I consulted with the Central Security Office, and the case allocation for each indication is statistically significant.

The project leader and principal investigator of the clinical trial institution submit an application for ethical review of biomedical research. The Secretary of the Ethics Committee shall accept the application and notify the application number in writing, or inform the application of the deficiencies that need to be supplemented, as well as the deadline for submission of additional materials in relation to the date of review. Materials include:

Application form (signed and dated by the applicant).

A summary of the preclinical research data of the application project, including review data, pharmaceutical research data, pharmacology and toxicology research data, a summary of the clinical experience of the project so far, as well as reference quality standards and clinical research literature.
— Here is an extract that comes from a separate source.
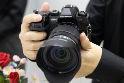 オリンパスでは、発売されたばかりの新機種である、最高7.5段の手ぶれ補正に対応したミラーレス一眼カメラ「E-M1X」(関連ニュース)のタッチ&トライコーナーを展開。

The clinical study protocol, including a statement and signature page of the principal investigator of each trial site agreeing to follow the GCP principles and trial protocol, indicating the date of the version.
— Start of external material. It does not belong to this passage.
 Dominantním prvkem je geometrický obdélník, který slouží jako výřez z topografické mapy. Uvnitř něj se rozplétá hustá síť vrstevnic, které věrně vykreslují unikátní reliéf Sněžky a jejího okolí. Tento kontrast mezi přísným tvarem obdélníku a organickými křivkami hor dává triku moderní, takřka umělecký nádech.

Summary of the clinical study protocol, including a description of the process for obtaining and demonstrating informed consent; A description of any compensation given to the subject as a result of participation in the study (including transportation expenses, testing nutrition costs, compensation for lost work, and medical care); insurance coverage for the subject; A description of the cost, compensation, and/or compensation arrangements for damages suffered by the subject as a result of participating in the clinical trial. Indicate the date of the edition.

Investigator's Handbook.

Study medical records and or case report forms.
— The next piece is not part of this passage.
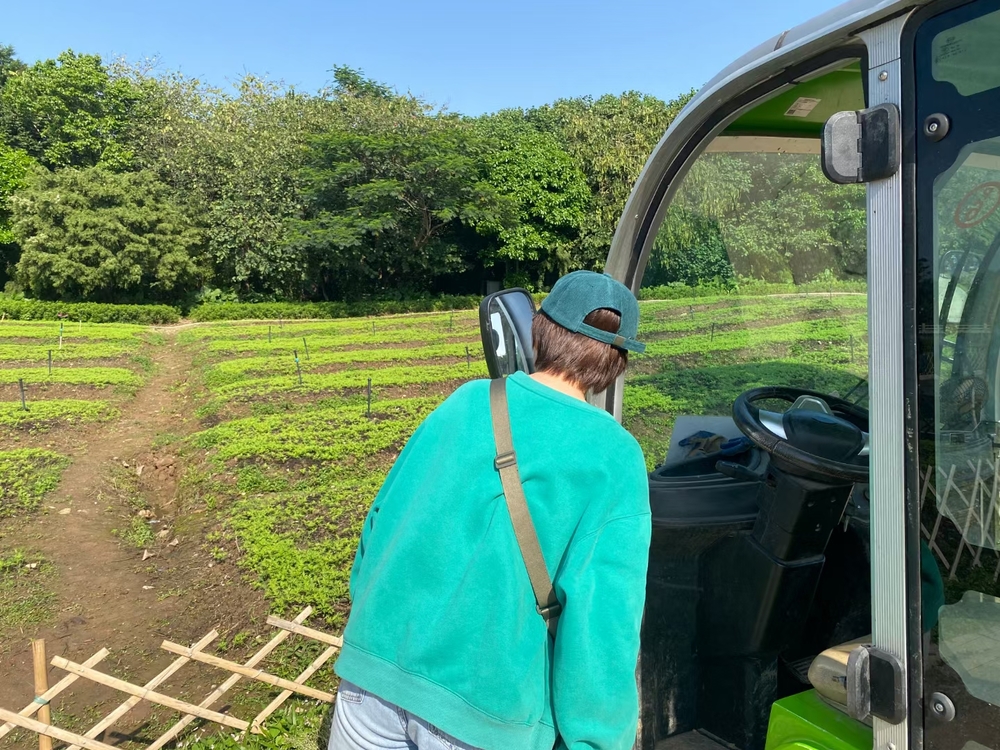 在森林里看花晒太阳的小熊

Subject diary cards and other questionnaire forms.

Study profile and informed consent form provided to the subject, indicating the date of the version.

Materials used to recruit subjects (including notices, advertisements).

Professional history of the principal investigator of each trial center (up-to-date, signed and dated).

All previous significant decisions (including negative conclusions or modifications to the protocol) of the proposed research project (whether at the same location or elsewhere) and a description of the modification of the protocol. Justification for previous negative conclusions should be provided.

Copies equal to the number of participants in the above items must be provided, and the application materials should be in Chinese.

Hope it works for you

Ask the clinical trial organization of the hospital where the clinical trial is doing it, and ask for a list of ethical materials to be submitted.

From a test point of view, it doesn't make much difference.

Phase III and Mediator are both registered trials.

The mediator may be exempt from testing or require a very simple test.

The phase III requirements for chemical drugs are relatively strict and the cost is high.

Phase IV is generally open, and the design is not as strict as that of Phase III, but if the sample size is large, of course, it is also very expensive, such as thousands of cases.

In principle, the renewal varieties of the insurance are required to refer to the clinical requirements of phase 3, and the ratio is 3:1, but there is another one that meets the statistical requirements, as long as the composite statistical requirements are not necessarily 60 pairs, but can also be a 2:1 ratio.

The four indications can be boiled down to 1-2 syndromes, and a syndrome of traditional Chinese medicine often includes several diseases of Western medicine, such as chronic obstructive pulmonary disease, if not, you have to choose the second one to do enough 60 cases, or choose the third one, to do enough 50 cases each. The ratio is 2:1

The requirements for the renewal of the insurance are not very strict, and it is generally very good to do the above. You can also ask for advice from a statistical expert.

Clinical guidelines need to be flexible, not immutable dogma.

If the same control drug is selected, it cannot be carried out at the same time, but another problem is that there is a deadline for the renewal of the insurance policy, and I believe that both manufacturers have schedule requirements.